*Assignment*. Pictures in the entries below are to be left out; otherwise, reproduce exactly the lines from the first through the line containing "Random Loadout: Click".

Extracted data entries
>>
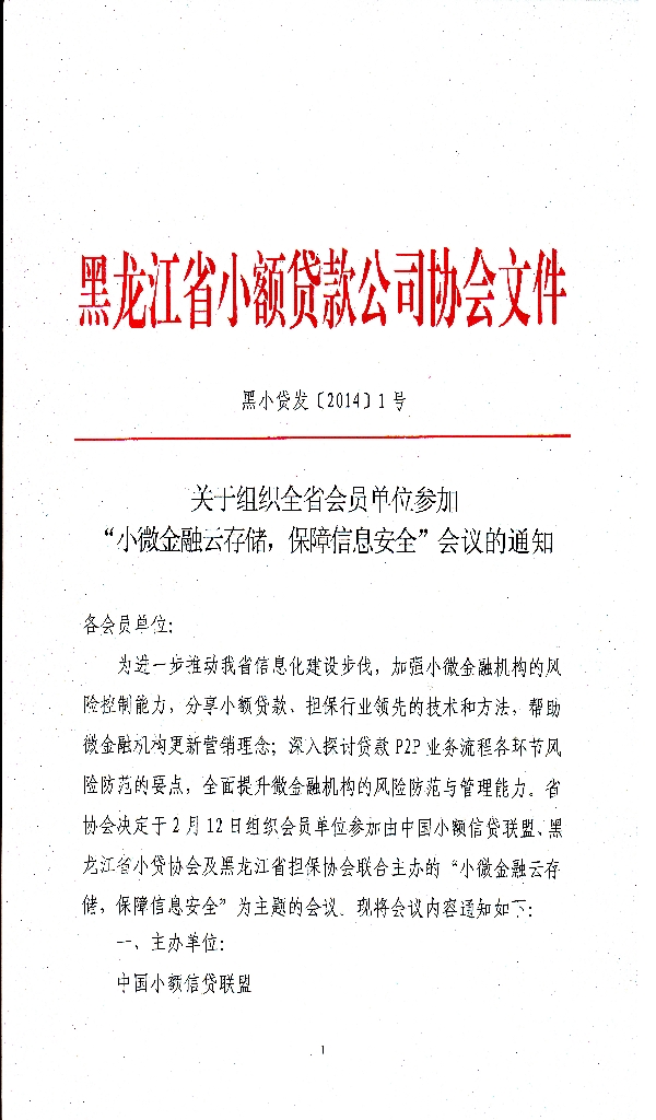 关于组织全省会员单位参加“小微金融云存储,保障信息安全”会议的通知
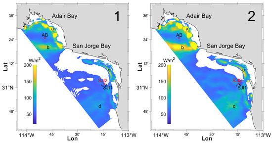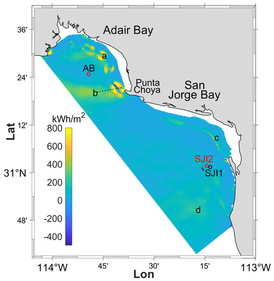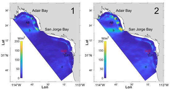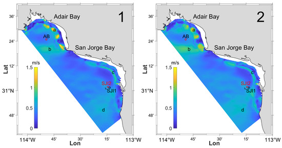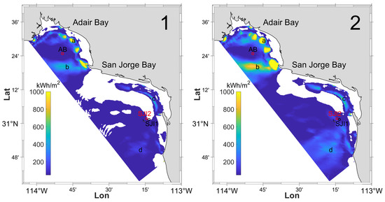 Figure 6 shows the yearly mean of the spring tidal maxima flows, , for the GC_MD (Subplot 1) and the GC_MDmor models (Subplot 2). The largest values in San Jorge Bay were also on or near regions with bottom sand ridges, but the effect of the bottom bathymetry is more noticeable in Adaír Bay. The largest values of were observed as well in the nearshore of Adaír Bay, where we have a series of shoals, with the site just North of Punta Choya (see Figure 1) being the most important region for tidal energy resources.
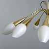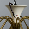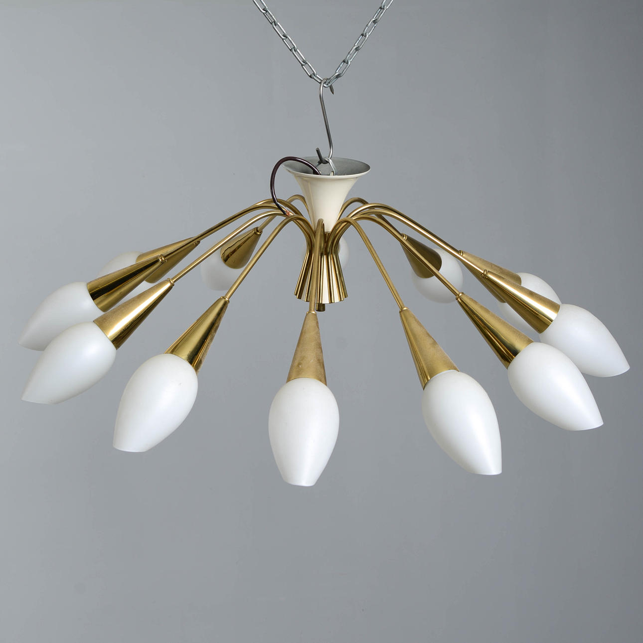 12 ljusarmar i mässing med kupor i frostat glas. Vitlackerad stomme och takkopp.
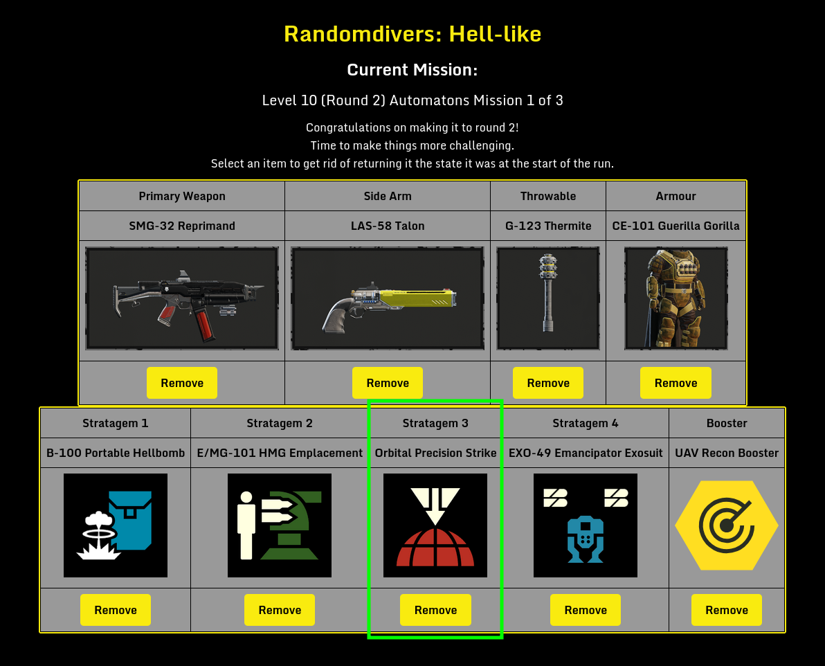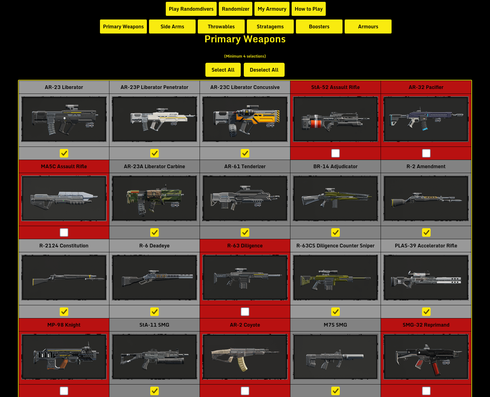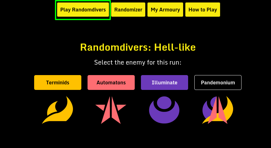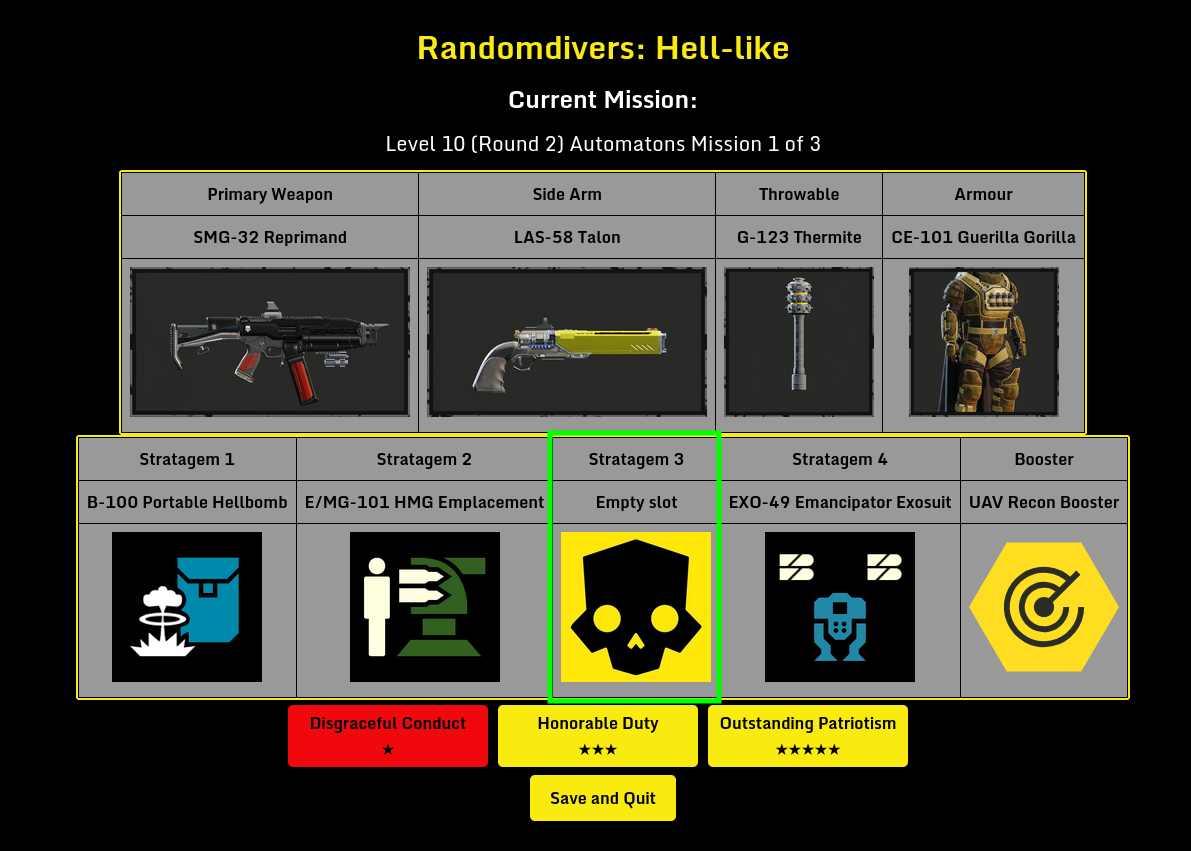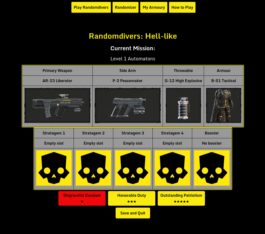 Random Loadout: Click to generate a complete loadout based off of your current Armoury.
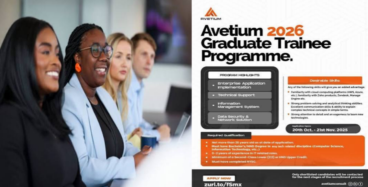 Apply Avetium Graduate Trainee Programme Are a recent graduate eager to learn, grow, and make a meaningful impact? Avetium invites applications from passionate and ambitious young Nigerians to apply for the Avetium Graduate Trainee Programme 2025, its an exciting opportunity designed to nurture fresh young Nigerian graduates into future industry leaders. The Graduate Trainee Programme … Read more
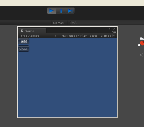 回到Unity,點擊運行按鈕,會看到剛才的腳本已經運行了。里面有兩個按鈕。
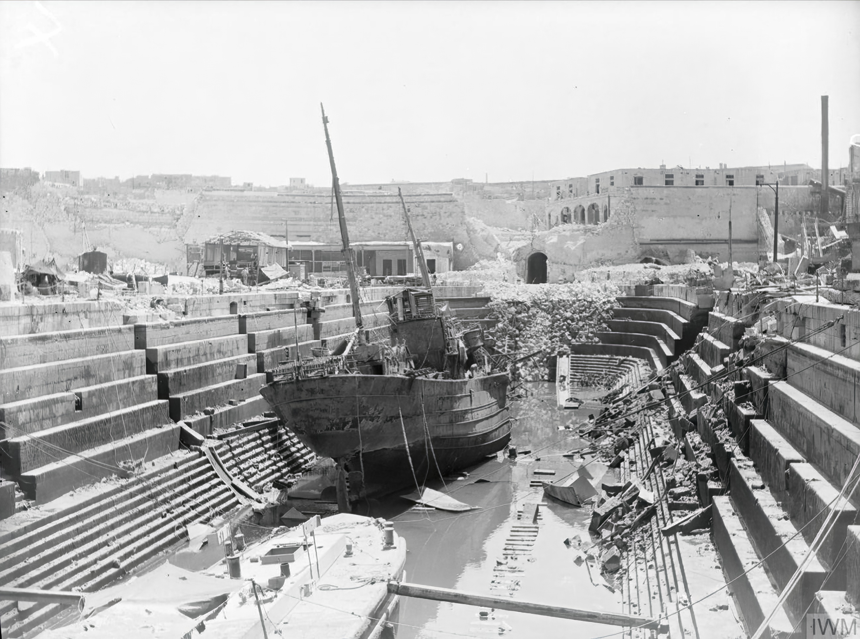 HMS Coral being broken up in Dry Dock no3 Grand Harbour Malta 19 24 Aug 1942-IWM A11487
<<
*Output below*.
 关于组织全省会员单位参加“小微金融云存储,保障信息安全”会议的通知
 Figure 6 shows the yearly mean of the spring tidal maxima flows, , for the GC_MD (Subplot 1) and the GC_MDmor models (Subplot 2). The largest values in San Jorge Bay were also on or near regions with bottom sand ridges, but the effect of the bottom bathymetry is more noticeable in Adaír Bay. The largest values of were observed as well in the nearshore of Adaír Bay, where we have a series of shoals, with the site just North of Punta Choya (see Figure 1) being the most important region for tidal energy resources.
 12 ljusarmar i mässing med kupor i frostat glas. Vitlackerad stomme och takkopp.
 Random Loadout: Click to generate a complete loadout based off of your current Armoury.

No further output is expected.